A violência totalitária – O braço do terror

Prof.Msc. Ricardo George



A descrição abaixo mostra todo o horror vivido pelos judeus nos campos de concentração, os quais trouxeram à tona toda a capacidade de destruição sistemática do regime totalitário, tanto quanto apresentaram seu principal método de atuação, a violência:

Nas fábricas da morte [...]. Todos eles morreram juntos, os jovens e velhos, os fracos e fortes, os doentes e os saudáveis; não como povo, não como homens e mulheres, crianças e adultos, meninos e meninas, não como bons e maus, belos e feios, mas reduzidos ao denominador comum do mais baixo nível da vida orgânica em si mesma, mergulhados no abismo mais escuro e profundo da igualdade primitiva, como gado, como matéria, como coisa sem corpo nem alma, sem nem mesmo uma fisionomia sobre a qual a morte pudesse imprimir seu selo.

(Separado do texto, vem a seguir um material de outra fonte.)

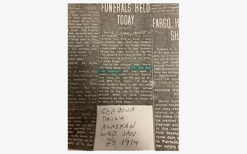For instance, by 1914, dAXunhyuu of the Eyak Lake area had already been hit hard by tuberculosis. A newspaper clipping from January of that year reads, “Rev. E. P. Ziegler officiated at the funerals of two little native children who died at Eyak village Monday last. Both the children were victims of the dread scourge tuberculosis which is fast depopulating the coast towns of natives. The children were laid to rest in the native burying ground on the shore of Lake Eyak.”
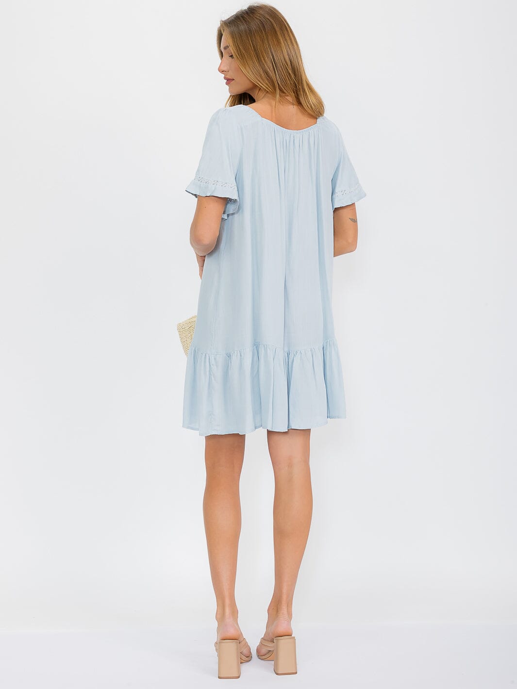 WOMEN'S SHORT SLEEVES BUTTON CLOSURE TUNIC MINI DRESS

É nessa igualdade monstruosa, sem fraternidade ou humanidade [...], que nós vemos, como que refletida, a imagem do inferno. A maldade grotesca daqueles que estabelecem tal igualdade está para além da capacidade de compreensão humana. Mas igualmente grotesca e para além do alcance da justiça humana está a inocência daqueles que morreram nesta ingenuidade. A câmara de gás foi mais do que qualquer um poderia ter merecido, e, frente a ela, o pior criminoso era tão inocente quanto um recém-nascido (EU, p. 198) .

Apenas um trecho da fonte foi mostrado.